Kunene and the King Assistant Director Nel Crouch is in South Africa as preparations for the new play featuring John Kani and Antony Sher continue.
So, week one in Cape Town, and I’m still pinching myself daily for the privilege of getting to know this beautiful, complex country, its people and its theatre.
Kunene and the King explores where South Africa is now, 25 years after the end of the apartheid regime. We follow two men, one black and one white, who, due to apartheid and its legacy, have lived very different experiences of the same country. Here, amongst Cape Town’s luxury sea-view villas, its hipster coffee shops and its corrugated tin shacks, it is clear that South Africans are still living very different lives right alongside each other. John Kani’s play forms part of an ongoing national conversation and reflection around reconciliation. How might these two characters, these differing experiences and this country come to truly see each other?

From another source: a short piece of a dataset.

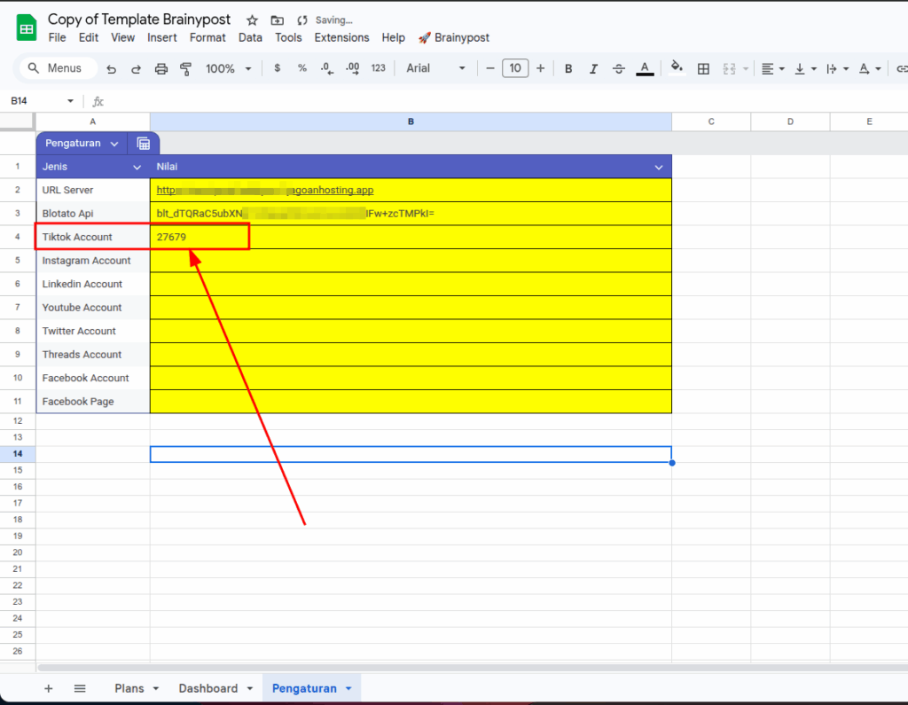 Langkah Ketiga : Menghubungkan Template Google Sheet ke Blotato

Theatre has been a vital space to carry out this conversation and our writer (and actor), John Kani, has been a huge voice in South African theatre, creating shows including The Island and Sizwe Banzi is Dead alongside Athol Fugard and Winston Ntshona. His activism and theatre work led to an arrest, time in custody and an assassination attempt. Under apartheid, making political theatre was an act of extreme bravery.
On Friday we all went to the Baxter Theatre to see Woza Albert!, with the same cast as the original production 40 years ago. Woza Albert! skewers the absurdities of apartheid, using slapstick and satire to imagine the second coming of Christ in apartheid-era South Africa. In its last moments, as dead black South African heroes are raised, Lazarus-like, from the dead, murmurs and cheers moved through the audience. In 2019, this was incredibly moving. How extraordinary and how dangerous, then, this must have felt for an audience under apartheid.
We’ll be spending the next few weeks rehearsing in Cape Town, exploring South Africa both now and under apartheid and thinking about how theatre can create a space for national conversations. Hopefully these blogs will give a little glimpse into our time here, our hosts at the Fugard Theatre and an insight into the making of Kunene and the King!